Some people say we can’t eliminate Arafat because to do so would only make
him a martyr to his people. Would we hesitate for a moment to kill Osama
bin Laden for the same reason? No way. Therefore, that argument holds no water.

Some people insist there is nobody better to work with in the Palestinian
Authority than Arafat. Maybe that’s true. I doubt it. But one thing is
certain: Nobody in the Palestinian Authority has more innocent blood on his
hands than Arafat.

Arafat is the father of modern terrorism.

If we’re serious about fighting a war against terrorism particularly the

brand of Islamo-fascism he represents there’s no better place to start
than by offing Arafat.

It’s justice. It’s the right thing to do.

If you want to give him a fair trial first, that’s fine with me. But he
needs to pay for his crimes with his life. His crimes are well-documented,
but here’s a brief refresher course:

In May 2002, Israel discovered documents linking Yasser Arafat directly to
terrorist acts and sponsorship of suicide bombings. He should have been
executed right then and there. But, under pressure from the United States,
the Israelis let him off the hook to kill even more innocents.

But he should have been dead long before that.

A long-buried Central Intelligence Agency report, found last year in the
National Archives by a historian chronicling President Nixon’s career,
shows the agency, former Secretary of State William Rogers and many other
officials were aware of Yasser Arafat’s involvement in the 1973 murders of
two U.S. diplomats by Arab terrorists.
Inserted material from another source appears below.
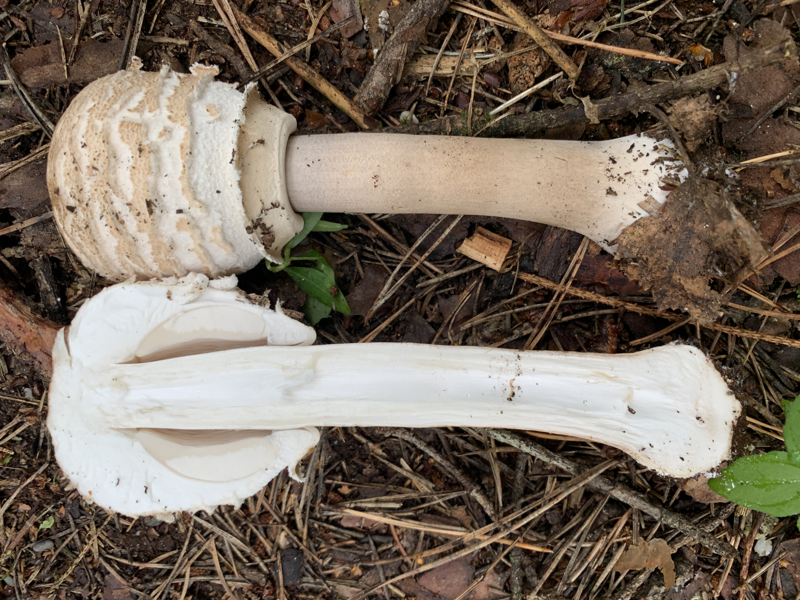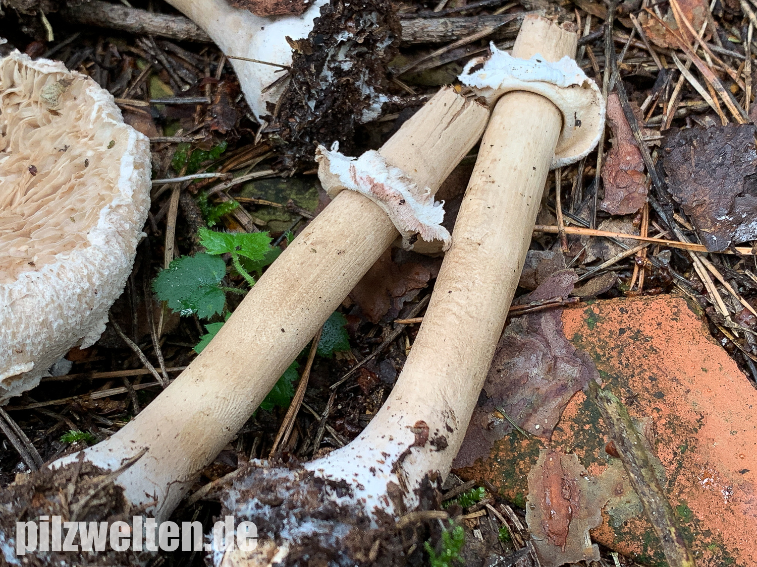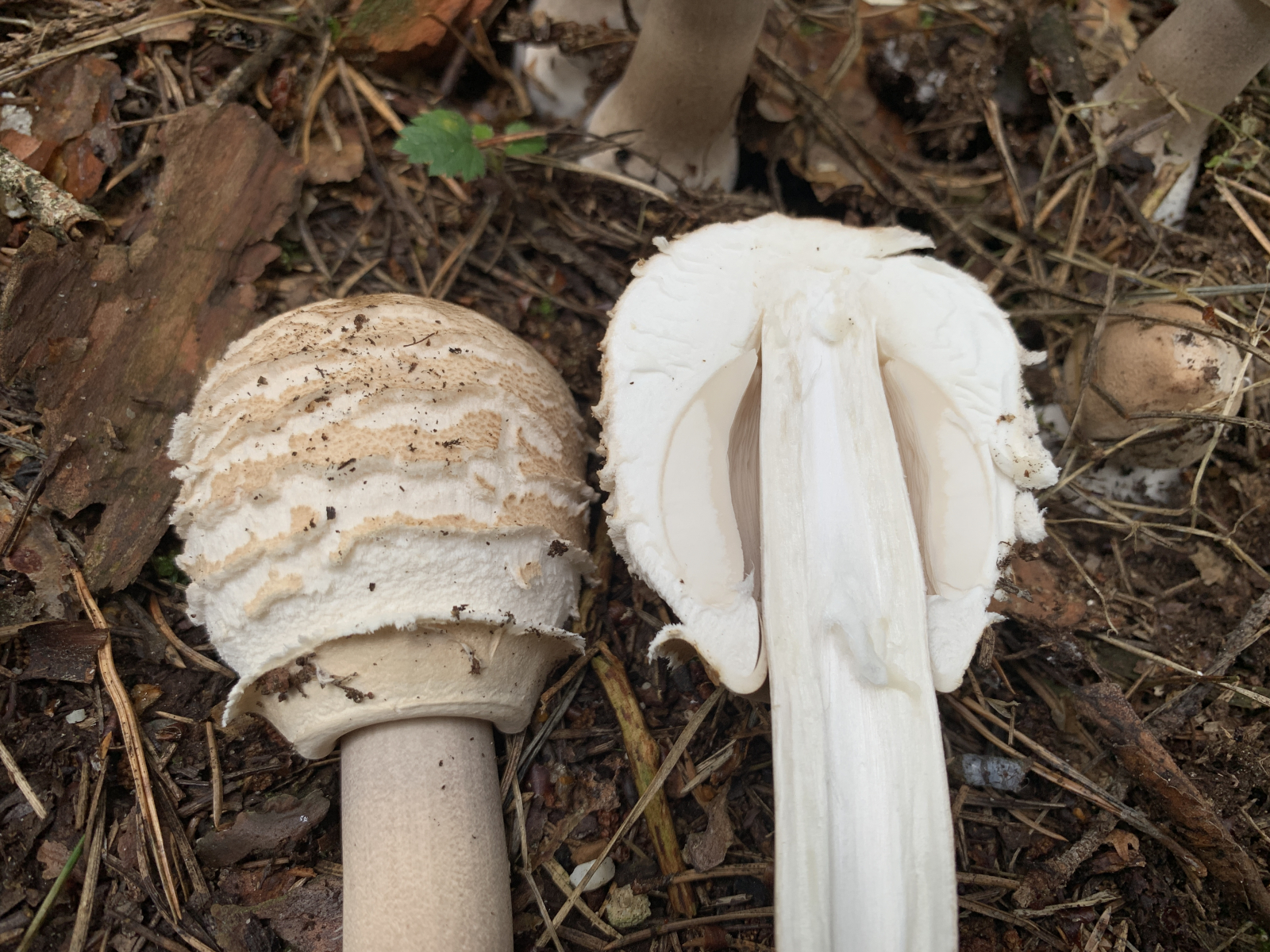 Hier mal ein Vergleichsbild von etwa gleichaltrigen Pilzen (M.procera cf) mit der typischen Stielnatterung und eben Habitus.

The files were discovered by Russ
Braley, author of “Bad News: The Foreign Policy of The New York Times” and
a Nixon researcher who has plumbed the National Archives “Nixon Project”

created when Congress took control of the late president’s papers for
bits of information about the administration not released to the general
public and press.

Braley found several boxes of documents related to the 1973 kidnap-murders
in Khartoum, Sudan, of U.S. Ambassador Cleo Noel and Charges d’Affaires
George Curtis Moore, along with Belgian diplomat Guy Eid by Arab
terrorists. Though the files had been, according to Braley, thoroughly
purged of information regarding intercepts of Arafat giving the explicit
order for the machine-gun murders of the diplomats, one surviving CIA
report, found in NSA box 666 and enclosed in a message from Rogers to some
40 U.S. embassies, shows Arafat’s complicity in the terrorist crimes.
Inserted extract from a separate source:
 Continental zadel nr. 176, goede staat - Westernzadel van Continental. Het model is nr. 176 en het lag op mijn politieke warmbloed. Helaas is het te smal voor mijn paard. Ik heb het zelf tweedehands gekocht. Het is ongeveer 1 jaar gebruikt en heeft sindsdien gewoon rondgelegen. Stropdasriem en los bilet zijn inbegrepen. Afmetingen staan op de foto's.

In 2001, WorldNetDaily broke the story of the former National Security
Agency operative, James J. Welsh, a witness to the communication intercept.
Welsh was the NSA’s Palestinian analyst at the time.

But Arafat should have been dead long before 1973. It was in the 1960s he
became the father of modern terrorism pioneering airline hijackings,
suicide attacks and other methods now employed by groups like al-Qaida.

Please don’t exile him, because he will come back. He always does. If he
lives, others die. It’s time to take out Arafat permanently.